- [What you will do] Copy each entry verbatim, excluding its images.

- [Recorded information]
=====

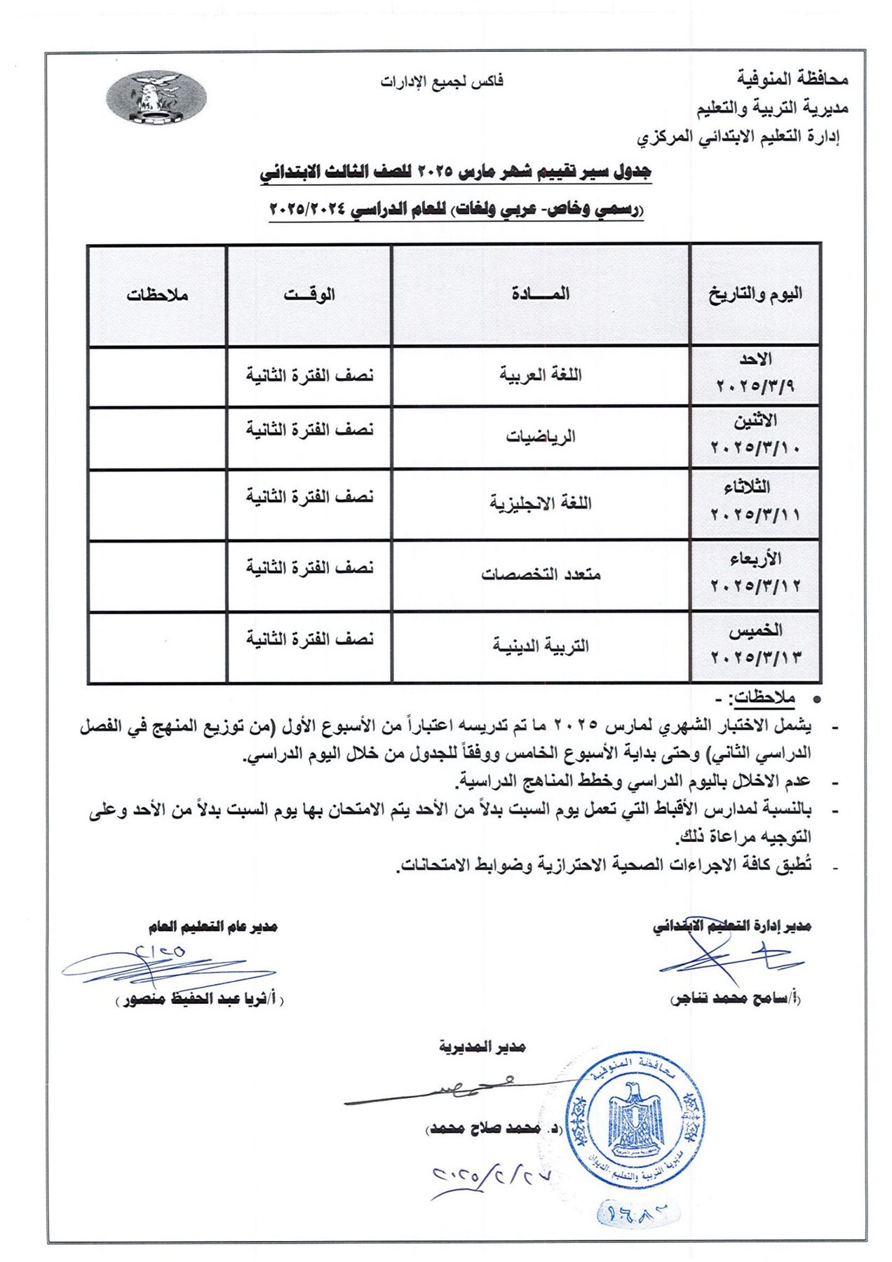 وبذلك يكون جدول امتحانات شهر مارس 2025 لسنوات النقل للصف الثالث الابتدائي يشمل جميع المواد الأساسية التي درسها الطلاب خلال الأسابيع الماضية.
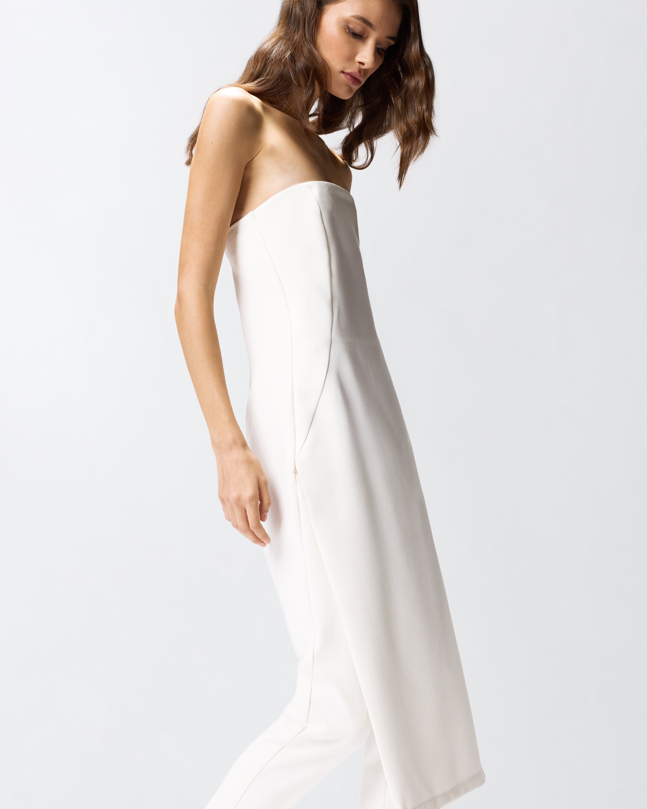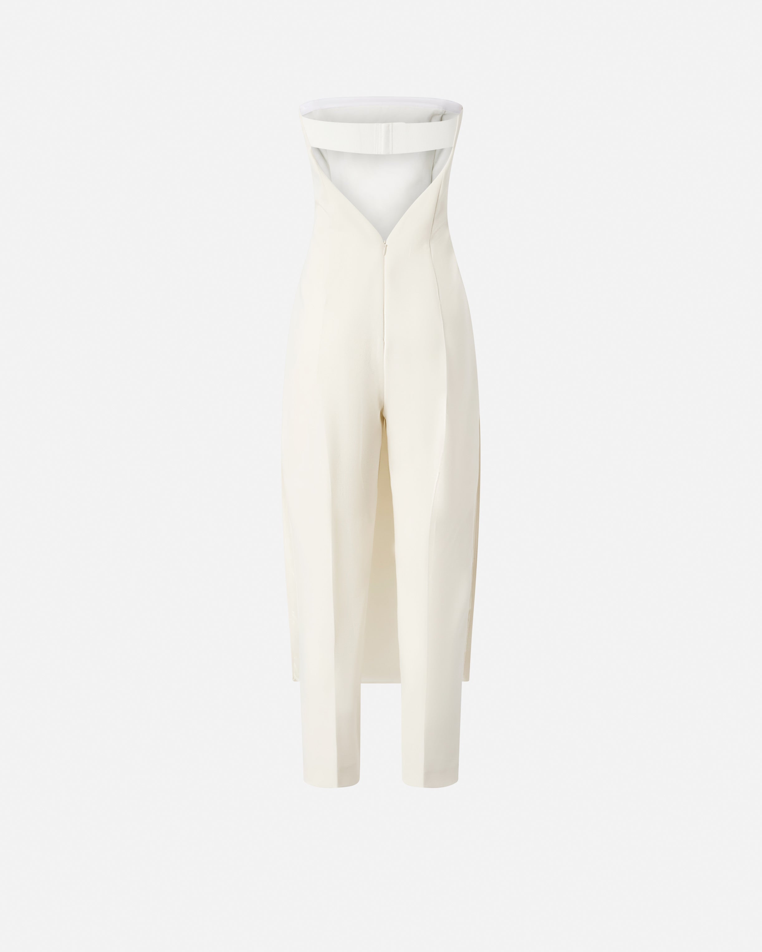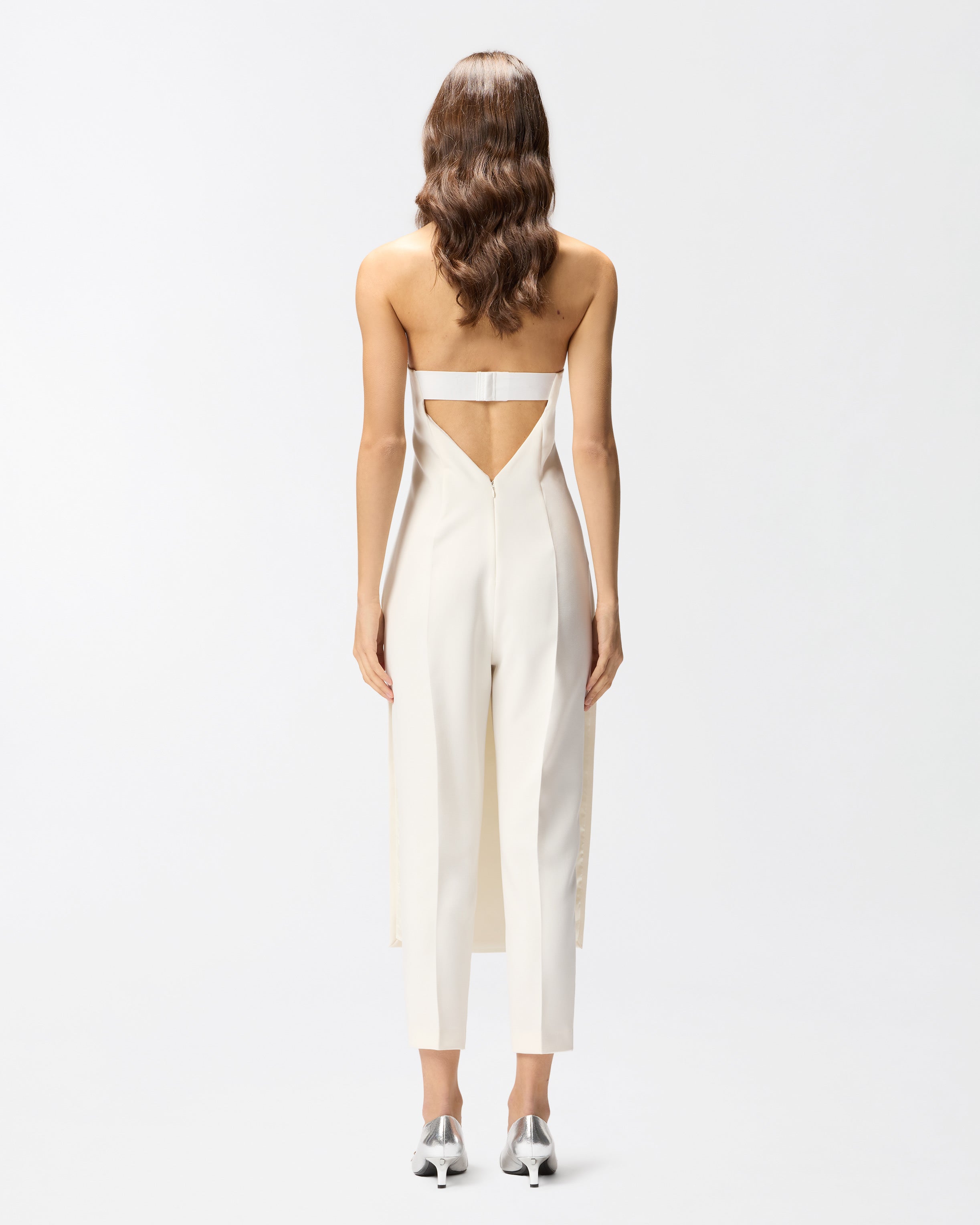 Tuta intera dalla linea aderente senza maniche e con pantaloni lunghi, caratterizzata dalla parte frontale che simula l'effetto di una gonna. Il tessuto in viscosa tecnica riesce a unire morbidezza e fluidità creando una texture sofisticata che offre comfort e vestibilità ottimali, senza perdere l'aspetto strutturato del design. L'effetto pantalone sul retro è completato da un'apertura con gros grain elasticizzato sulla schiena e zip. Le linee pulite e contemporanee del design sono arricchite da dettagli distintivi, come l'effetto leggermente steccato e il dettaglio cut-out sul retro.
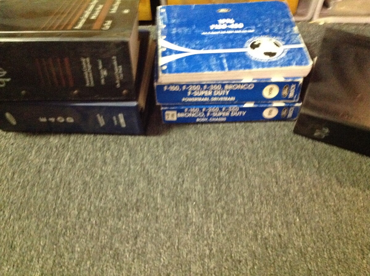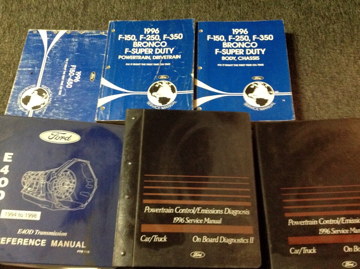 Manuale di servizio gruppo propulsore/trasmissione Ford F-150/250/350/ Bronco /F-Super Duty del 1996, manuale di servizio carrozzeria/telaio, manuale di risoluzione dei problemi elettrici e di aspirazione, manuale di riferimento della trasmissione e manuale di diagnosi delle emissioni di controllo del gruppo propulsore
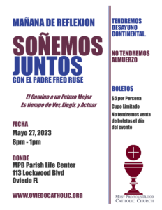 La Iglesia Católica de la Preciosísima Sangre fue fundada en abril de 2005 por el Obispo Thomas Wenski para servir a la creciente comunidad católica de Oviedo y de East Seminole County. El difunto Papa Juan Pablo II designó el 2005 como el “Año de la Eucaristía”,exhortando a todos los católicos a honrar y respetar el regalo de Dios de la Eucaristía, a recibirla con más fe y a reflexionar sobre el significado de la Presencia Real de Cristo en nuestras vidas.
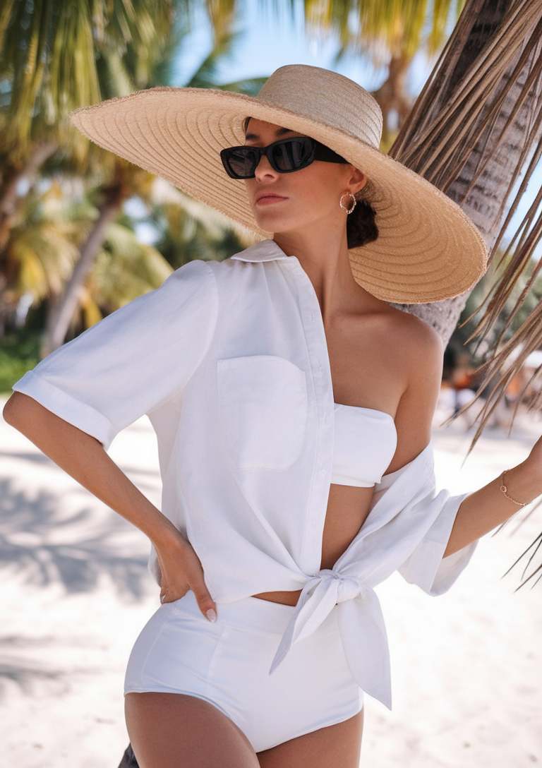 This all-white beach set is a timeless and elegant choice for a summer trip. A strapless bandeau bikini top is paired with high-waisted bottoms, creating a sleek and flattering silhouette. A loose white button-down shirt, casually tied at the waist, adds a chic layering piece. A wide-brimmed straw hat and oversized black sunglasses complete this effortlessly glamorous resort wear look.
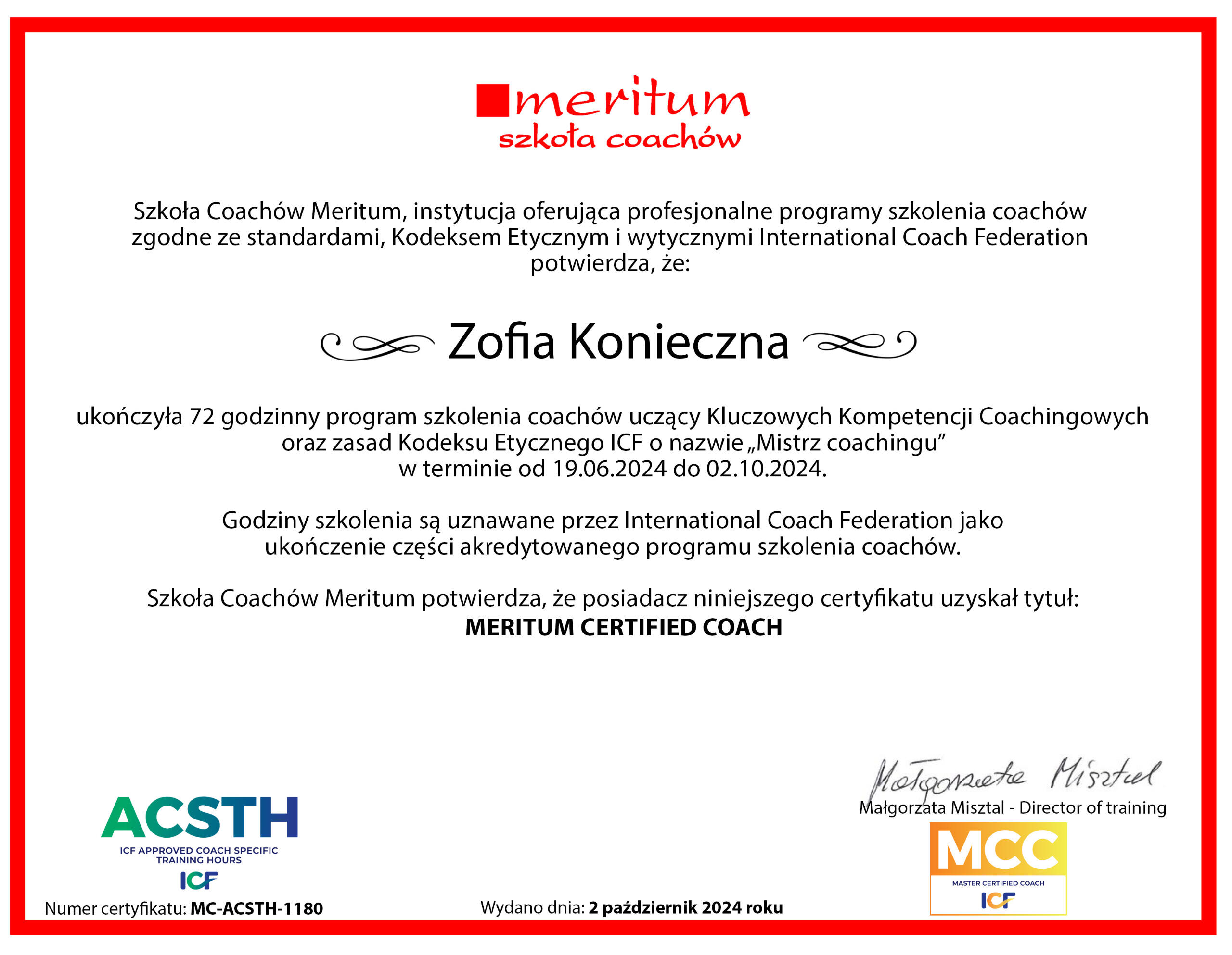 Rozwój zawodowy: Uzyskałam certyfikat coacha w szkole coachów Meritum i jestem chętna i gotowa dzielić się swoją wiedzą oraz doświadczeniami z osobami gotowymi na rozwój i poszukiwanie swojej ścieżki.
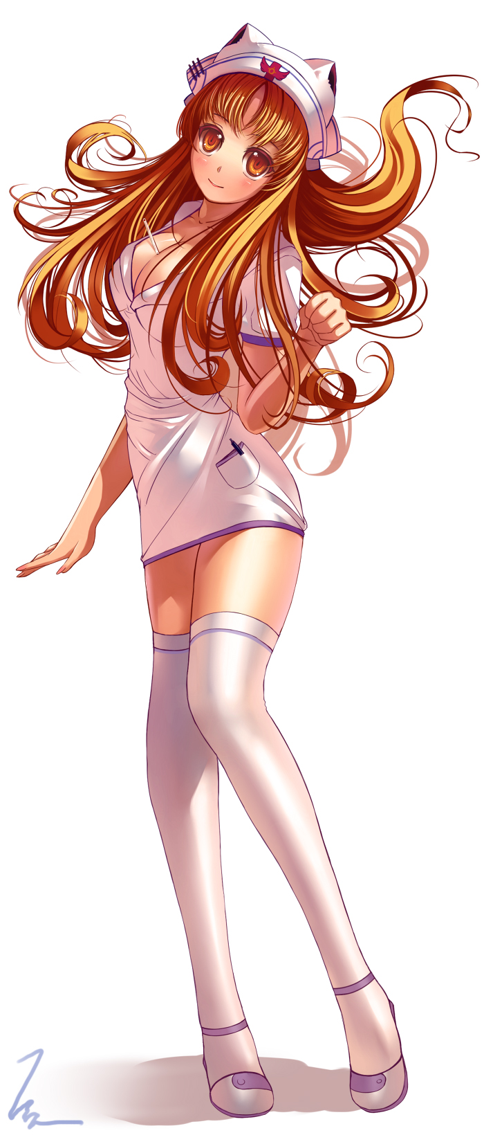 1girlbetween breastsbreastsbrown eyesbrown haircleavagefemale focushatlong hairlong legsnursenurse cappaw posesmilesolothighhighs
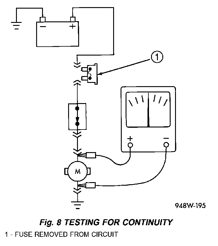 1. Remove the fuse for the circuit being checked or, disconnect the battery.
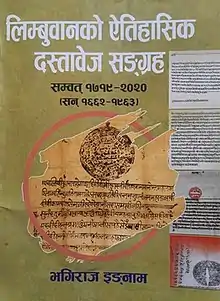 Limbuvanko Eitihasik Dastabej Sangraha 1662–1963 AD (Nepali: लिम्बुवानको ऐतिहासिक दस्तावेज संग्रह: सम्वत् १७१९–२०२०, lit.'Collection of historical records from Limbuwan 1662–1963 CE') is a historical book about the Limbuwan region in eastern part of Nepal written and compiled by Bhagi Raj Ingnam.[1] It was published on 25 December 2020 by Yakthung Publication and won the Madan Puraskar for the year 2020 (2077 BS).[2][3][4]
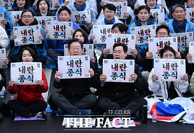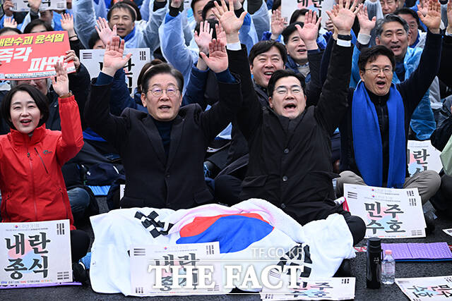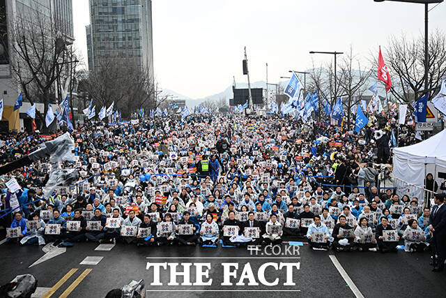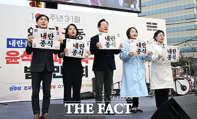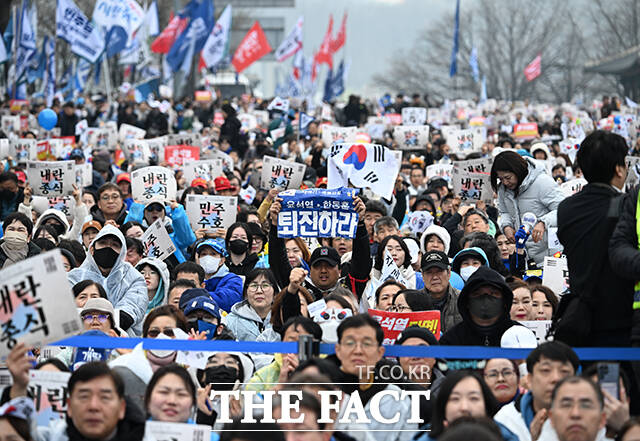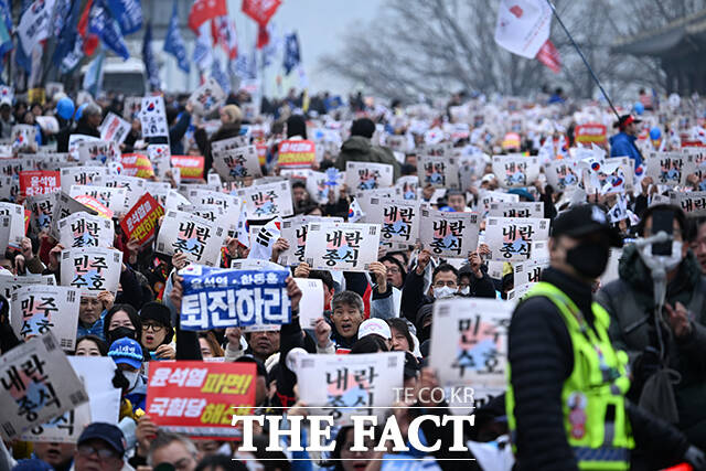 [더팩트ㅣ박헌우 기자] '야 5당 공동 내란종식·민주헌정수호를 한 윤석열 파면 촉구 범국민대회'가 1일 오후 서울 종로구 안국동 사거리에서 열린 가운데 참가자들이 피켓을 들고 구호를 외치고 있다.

=====

- [Response to the task]
 وبذلك يكون جدول امتحانات شهر مارس 2025 لسنوات النقل للصف الثالث الابتدائي يشمل جميع المواد الأساسية التي درسها الطلاب خلال الأسابيع الماضية.
 Tuta intera dalla linea aderente senza maniche e con pantaloni lunghi, caratterizzata dalla parte frontale che simula l'effetto di una gonna. Il tessuto in viscosa tecnica riesce a unire morbidezza e fluidità creando una texture sofisticata che offre comfort e vestibilità ottimali, senza perdere l'aspetto strutturato del design. L'effetto pantalone sul retro è completato da un'apertura con gros grain elasticizzato sulla schiena e zip. Le linee pulite e contemporanee del design sono arricchite da dettagli distintivi, come l'effetto leggermente steccato e il dettaglio cut-out sul retro.
 Manuale di servizio gruppo propulsore/trasmissione Ford F-150/250/350/ Bronco /F-Super Duty del 1996, manuale di servizio carrozzeria/telaio, manuale di risoluzione dei problemi elettrici e di aspirazione, manuale di riferimento della trasmissione e manuale di diagnosi delle emissioni di controllo del gruppo propulsore
 La Iglesia Católica de la Preciosísima Sangre fue fundada en abril de 2005 por el Obispo Thomas Wenski para servir a la creciente comunidad católica de Oviedo y de East Seminole County. El difunto Papa Juan Pablo II designó el 2005 como el “Año de la Eucaristía”,exhortando a todos los católicos a honrar y respetar el regalo de Dios de la Eucaristía, a recibirla con más fe y a reflexionar sobre el significado de la Presencia Real de Cristo en nuestras vidas.
 This all-white beach set is a timeless and elegant choice for a summer trip. A strapless bandeau bikini top is paired with high-waisted bottoms, creating a sleek and flattering silhouette. A loose white button-down shirt, casually tied at the waist, adds a chic layering piece. A wide-brimmed straw hat and oversized black sunglasses complete this effortlessly glamorous resort wear look.
 Rozwój zawodowy: Uzyskałam certyfikat coacha w szkole coachów Meritum i jestem chętna i gotowa dzielić się swoją wiedzą oraz doświadczeniami z osobami gotowymi na rozwój i poszukiwanie swojej ścieżki.
 1girlbetween breastsbreastsbrown eyesbrown haircleavagefemale focushatlong hairlong legsnursenurse cappaw posesmilesolothighhighs
 1. Remove the fuse for the circuit being checked or, disconnect the battery.
 Limbuvanko Eitihasik Dastabej Sangraha 1662–1963 AD (Nepali: लिम्बुवानको ऐतिहासिक दस्तावेज संग्रह: सम्वत् १७१९–२०२०, lit.'Collection of historical records from Limbuwan 1662–1963 CE') is a historical book about the Limbuwan region in eastern part of Nepal written and compiled by Bhagi Raj Ingnam.[1] It was published on 25 December 2020 by Yakthung Publication and won the Madan Puraskar for the year 2020 (2077 BS).[2][3][4]
 [더팩트ㅣ박헌우 기자] '야 5당 공동 내란종식·민주헌정수호를 한 윤석열 파면 촉구 범국민대회'가 1일 오후 서울 종로구 안국동 사거리에서 열린 가운데 참가자들이 피켓을 들고 구호를 외치고 있다.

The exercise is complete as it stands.